Par ailleurs, la communication avec les familles est souvent, de nos jours, une affaire d’équipe. Selon le Dr Azoulay et ses collaborateurs, pour une communication optimale, tous les cliniciens et autres professionnels de la santé qui s’occupent du patient doivent s’entendre pour transmettre un message unique et cohérent aux proches.

« Je serais curieux de refaire l’étude avec l’approche multidisciplinaire que l’on a maintenant, mentionne pour sa part le Dr Poulin, également professeur adjoint à l’Université de Sherbrooke. Au cours des cinq à dix dernières années, beaucoup de changements ont été apportés dans les différentes unités de soins in­ten­sifs concernant la communication avec les familles. Je crois que le contact avec l’équipe multidisciplinaire plutôt qu’uniquement avec l’intensiviste qui, auparavant, rencontrait seul les familles changerait beaucoup les résultats. Avec l’approche multidisciplinaire, on dit tous la même chose au patient. C’est la particularité d’une équipe. Tout le monde a des idées différentes, mais le message final est commun. »

« C’est toujours bon de commencer une conversation avec les familles en cherchant à savoir où elles en sont dans leur cheminement. »

– Dr Yannick Poulin

Faire cheminer les familles

Le rôle du médecin n’est ainsi pas uniquement de relayer l’information.
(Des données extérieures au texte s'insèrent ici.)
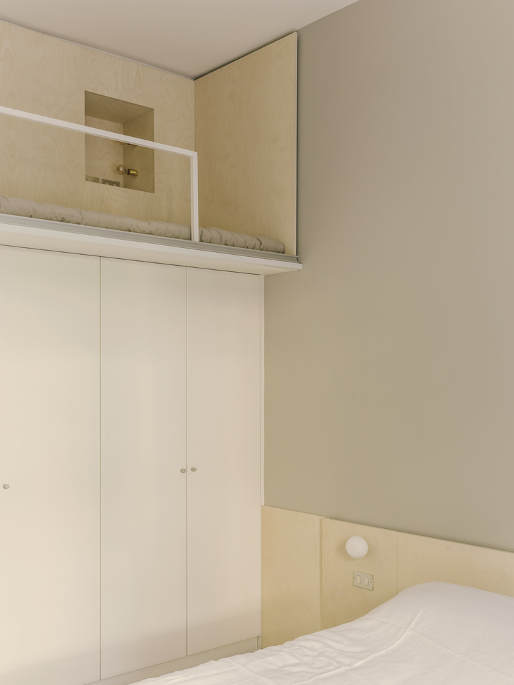 Precision in design is evident in every custom-built furnishing element. Each piece has been tailored specifically to the apartment’s proportions, contributing not only to functional efficiency but also to the spatial identity of the home. From storage solutions to integrated beds and shelving, the custom design serves both as furniture and as an architectural extension of the space, enhancing the perception of openness and order.
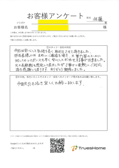 この度はアンケートのご協力ありがとうございました。 現在の自宅のご購入も弊社でお手伝いさせて頂き 購入、売却と約1年半にあたりお付き合いさせて頂きました。 無事にお引渡しができ、大変嬉しく思います。 不動産市場や売却状況から 色々とご提案させて頂いた中で その都度、お時間頂き 柔軟にご協力して頂いたので 無事にご成約と引渡しまで出来たと思います。 今後とも何かあればお気軽にご連絡ください。 この度はありがとうございました。
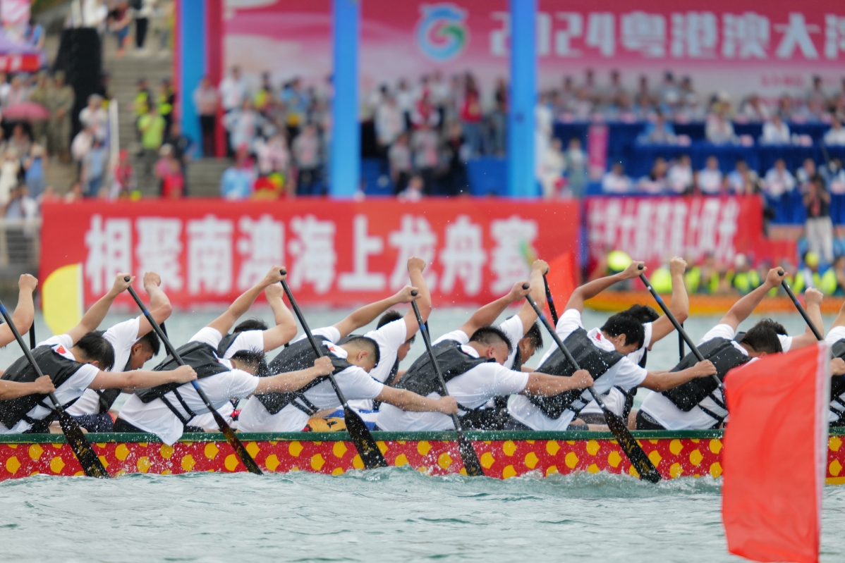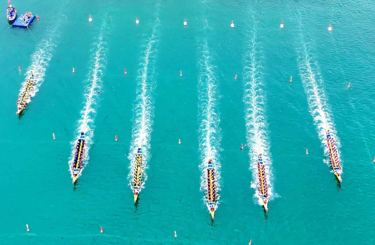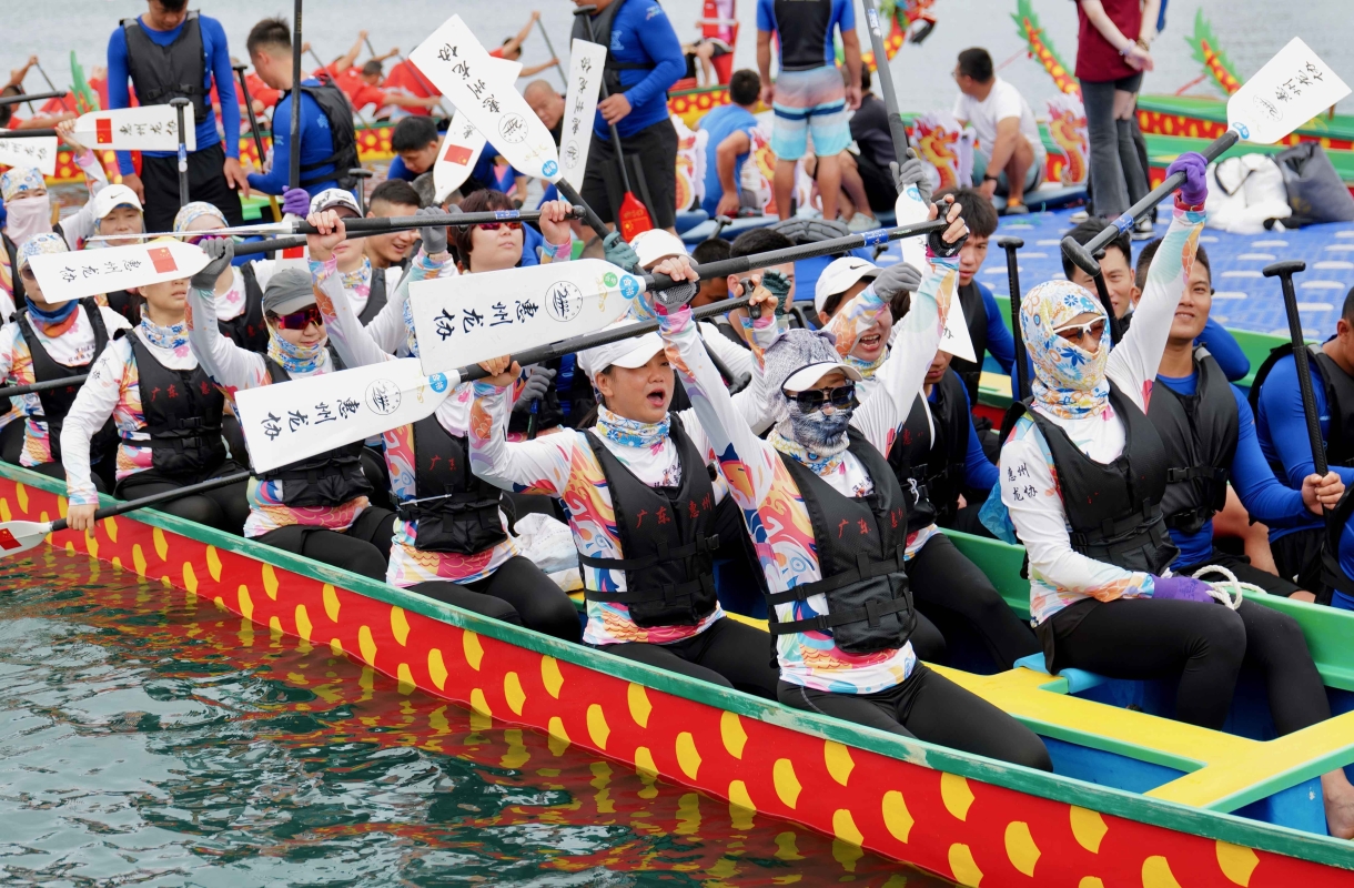 香港新聞網6月7日深圳電 ( 聞子 圖文) 6月7日,深圳大鵬新區南澳月亮灣海域有12支龍舟代表隊奮楫爭先,共同演繹海上“速度與激情”。當天,2024粵港澳大灣區(深圳南澳)海上龍舟賽在深圳大鵬新區南澳月亮灣舉行,來自大灣區共30支代表隊參賽。每年在南澳海上舉行的龍舟賽,吸引深圳市及省內外各地、港澳眾多龍舟隊的參與,遠近眾多遊客也紛紛前來參觀。 南澳海上龍舟賽自作為深圳市唯一的海上龍舟賽,自從1998年舉辦首屆至今已成功進行了20屆。而南澳海上賽龍舟的習俗有著70多年的歷史,不僅是大鵬人過端午的“保留節目”,也成為了大鵬當地極具品牌性的文化活動。
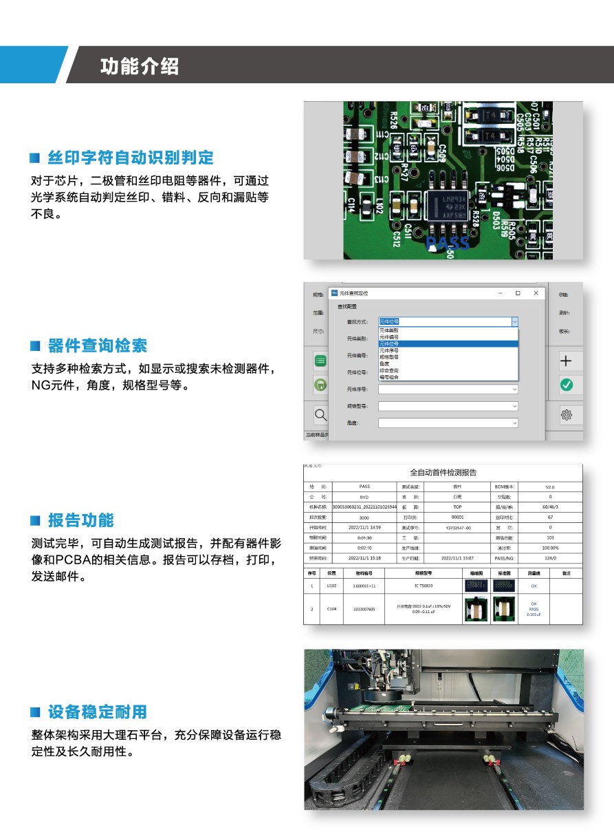 设备功能 | 自动测值、丝印、元件错、漏、反及多件检查 |
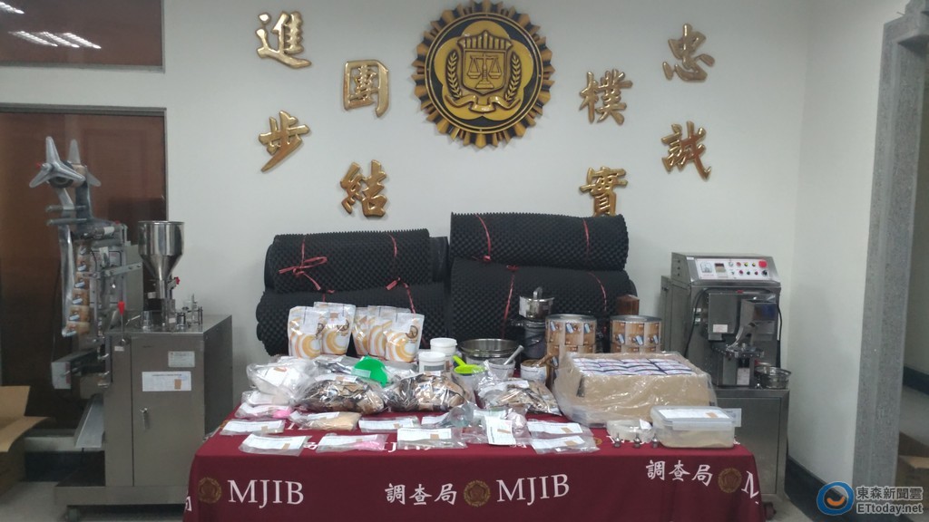 ▲調查局新北市調查處首破毒咖啡包、搖頭丸自動化生產工廠,起出大批成品、半成品和製造機具與包裝袋。(圖/記者孫曜樟攝)
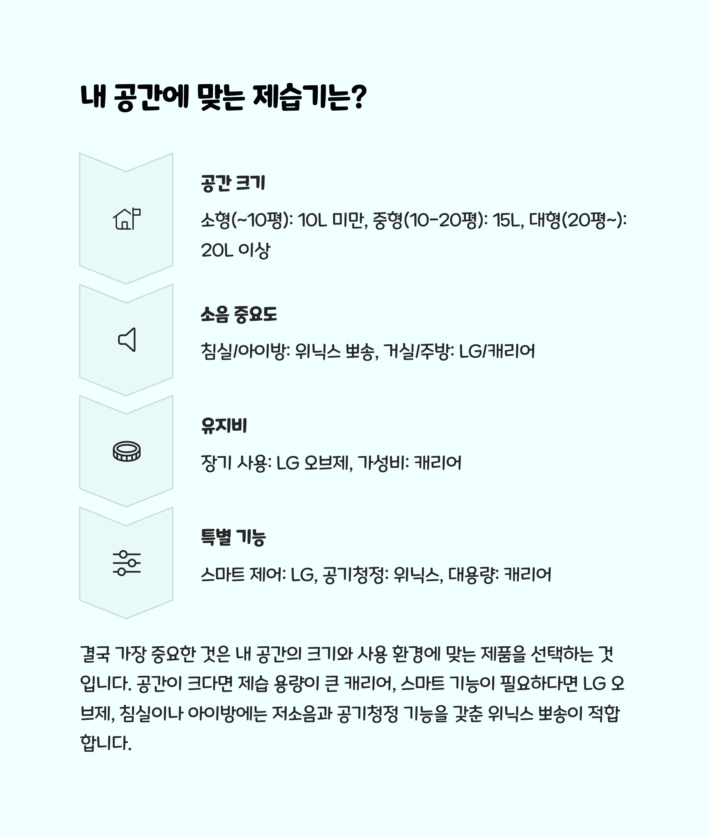 20평 이상 대형 주택에서는 캐리어 모델이 압도적인 제습량으로 효율적입니다. 반면 소음 민감도가 높은 아기방에는 위닉스 제품이 49dB의 저소음 특성을 보여주며, 스마트홈 연동을 원한다면 LG 모델이 최적입니다.
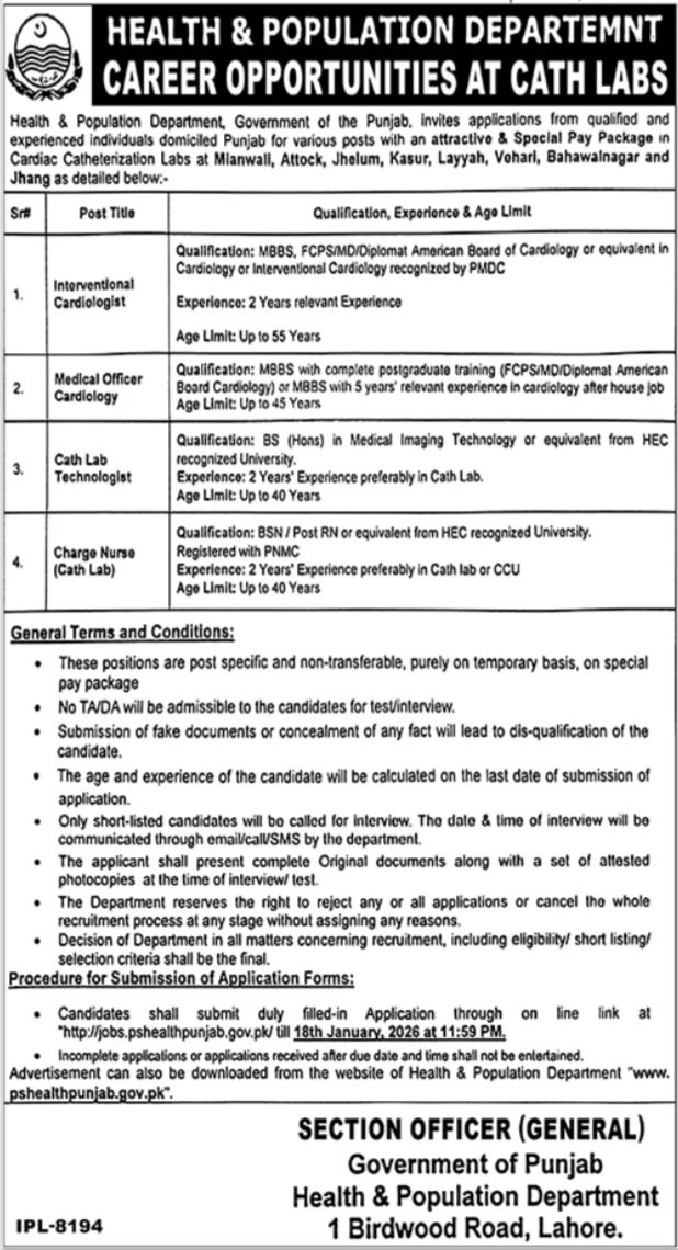 Health & Population Department Punjab Jobs 2026 for Cath Labs in Multiple Districts Job Ad shown on this page is taken from Jang Newspaper on 01-01-2026
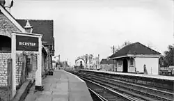 The Buckinghamshire Railway, which already had a route between Bletchley and Banbury, had powers to build a line to Oxford. The first part of this line, which ran from a junction to the west of Winslow (at a point which became known as Verney Junction) to Islip, opened on 1 October 1850, and this included a station at Bicester.[2][3] (At its maximum extent, the line extended from Oxford to Cambridge and thus became known as the Varsity line). Originally named "Bicester", the station was renamed "Bicester London Road" in March 1954,[3] although the nameboards were not altered until 20 September 1954.[4]
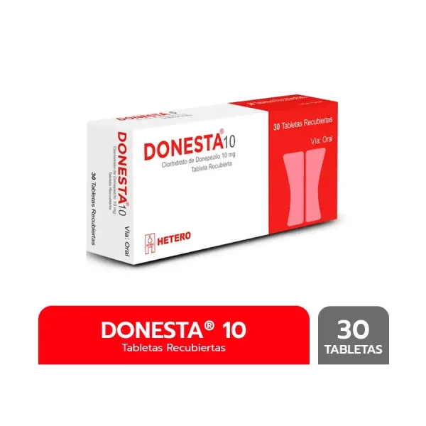 Donesta 10 mg contiene donepezilo, un inhibidor reversible y selectivo de la acetilcolinesterasa, que incrementa los niveles de acetilcolina en el cerebro al inhibir su degradación. Se utiliza en el tratamiento sintomático de la enfermedad de Alzheimer de leve a moderada para mejorar funciones cognitivas, memoria y comportamiento.
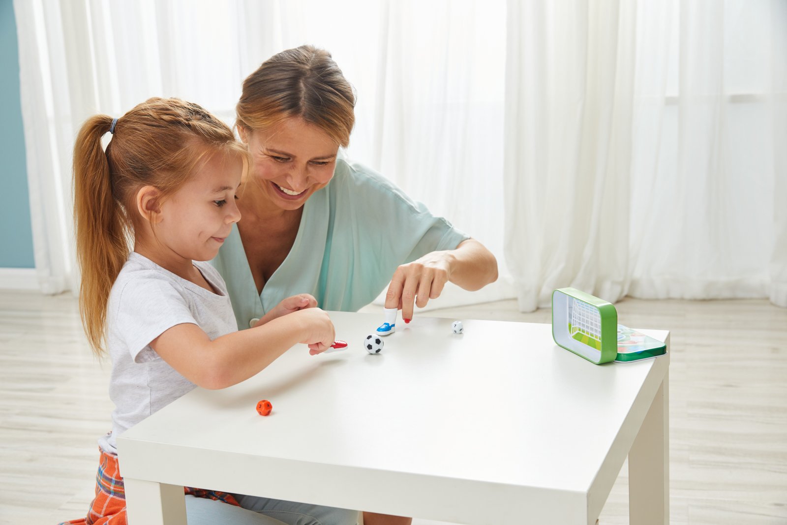 Hra Free Kick – mini prstový fotbal. Vyber si, kdo bude střílet a kdo bude v brance, a pak zkus, kolik bodů dokážeš proti svým přátelům vstřelit! Zkus si 10 střel, pak si vyměň místa a zkus, jestli to zvládneš lépe. Obsahuje: dvě kopačky na prsty, dvě bodovací kostky, jednu kovovou branku a jeden fotbalový míč. Hra je uložena v kovové krabičce. Hračka rozvíjí kreativitu, sociální a jazykové dovednosti. Rozměry balení: 13,2 x 8,5 x 2,7 cm. Věk: 3+

Il doit « optimiser la capacité des proches qui prendront les décisions pour le patient d’écouter, d’absorber, d’intégrer et d’utiliser les informations, dont celles concernant le pronostic des cliniciens », soulignent le Dr Azoulay et ses collègues.

Il faut prendre le temps d’accompagner les familles, estime pour sa part le Dr Poulin. « Quand j’ai commencé à pratiquer, ma mère m’a dit : “Il faut toujours garder à l’esprit que le médecin ne se souviendra pas de façon très précise de toutes les familles ni de tous les patients qu’il a perdu dans sa carrière. Mais les familles, elles, vont toujours se souvenir de lui. Elles n’oublient jamais le médecin qui leur a annoncé qu’il n’y avait plus rien à faire”. Garder cela en tête nous ramène au fait que même quand on est pressé, même quand on est fatigué, il faut toujours prendre le temps d’aider les familles à cheminer. » //

Bibliographie

1. White DB, Ernecoff N, Buddadhumaruk P et coll. Prevalence of and factors related to discordance about prognosis between physicians and surrogate decision makers of critically ill patients. JAMA 2016 ; 315 (19) : 2086-94.

2. Azoulay E, Kentish-Barnes N, Nelson JE. Communication with family caregivers in the intensive care unit: answers and questions. JAMA 2016 ; 315 (19) : 2075-7.